Reducing The Cost Of Caring For Cats (And Dogs) While Improving Their Quality Of Life

My wife, my son, and I have two cats. The first one we acquired is Bill (short for Belinda, because Bill is a female cat):

Bill

The second cat we acquired is named Fancy:

Fancy

A bit of background: I grew up in a household where my father was highly allergic to cats and thus had an innate dislike for them. I am slightly allergic to them as well. When my wife found Bill abandoned several years ago, I was very apprehensive about keeping the cat, but I went ahead with it. After seeing Bill’s extremely high-strung personality, I didn’t really want another cat, but then my wife brought Fancy home one day and we kept her as well. I’m still not particularly close to them, but I do participate in caring for them and you can catch me on occasion petting them. My son, on the other hand, adores Fancy and often tries to pet/hug/tackle her. Unbelievably, Fancy takes this toddler abuse without a hiss or a whimper.

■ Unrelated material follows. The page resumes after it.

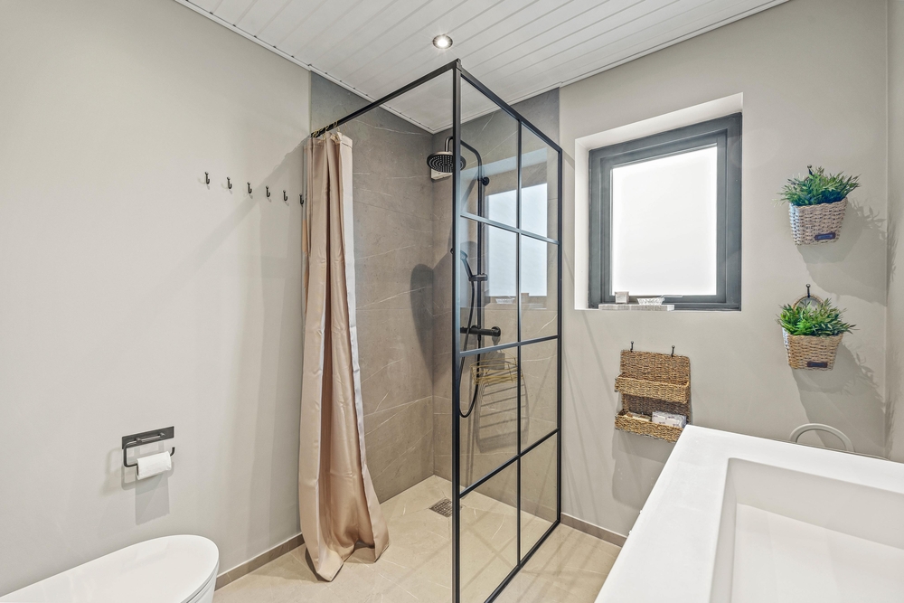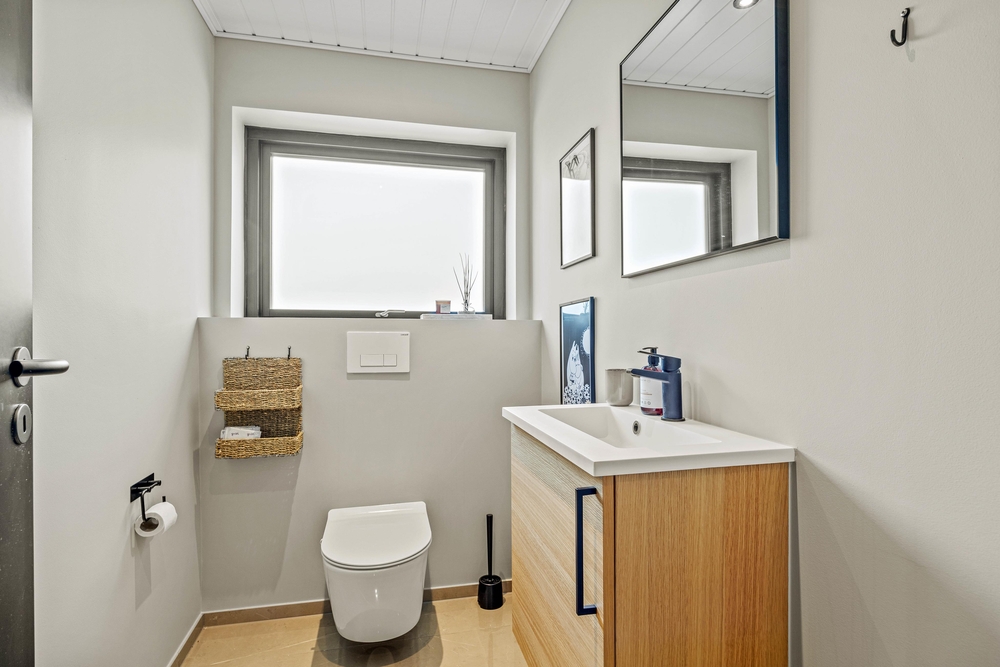 I sommerhuset slipper I desuden for at bekymre jer om at stå i kø og fryse tæerne fra morgenstunden. Her har I nemlig 2 badeværelser og 1 gæstetoilet, der alle er udstyret med gulvvarme. Foruden gulvvarmen på badeværelserne er der også en energivenlig varmepumpe i feriehuset, som sørger for gode indendørs temperaturer.

Anyway, one major expense in our lives is simply providing upkeep for the cats. There are so many expenses, big and little, that come from maintenance of an indoor pet. Since we’re learning to become more frugal, here are five techniques we’ve adopted that have not only saved us money, but have seemingly improved the quality of life of the cats. These techniques all work for dogs as well!

Instead of feeding them costly cat food from the store, we try to match the contents of that food with fresh material we’ve prepared ourselves. For example, if we have leftover rice and chicken, I’ll blend it up and feed it to the cats. They love it and it has to be better for them than that dry, preservative-laden mass produced junk at the store.

Use an old, beat up brush as a hair groomer. We often comb the cats with an old hairbrush to reduce their shedding and also cut down on hairballs. This saves us on buying special things to clean the cat with, as well as additional cleanup costs.

Make your own collar and ID tag. Use a piece of string, custom fit it to the cat, and “hand-laminate” a tag to fit on it. A hand-laminated tag is simply one that is hand-written and covered in several layers of tape. This method is actually better for the cat because you can fit the makeshift collar to your cat perfectly.

Use scoopable clumping litter and baking soda to extend its life. Use your cat’s cues to tell you how often to scoop your litter and also when it’s time to change the litter. Your cat knows what’s right more than the directions on the box, which are there to minimize the time that your litter will last. Even better, adding a bit of baking soda when you first change the litter (and maybe a bit more here and there) will reduce potential unpleasant odors.

Build your cat a “home” out of an old box and leftover clothes. Both of our cats like having a “home” to sit in, as do most cats; it gives them a cetral place of security. While our cats are lucky to have a cat tower that they both dearly love, a close friend of ours made a “home” for her cat out of a sturdy old cardboard box lined with layers of old, beat up clothing (mostly just old tee shirts that were headed for the trash).

These techniques not only provide better care than the “normal” way, they save substantial money as well.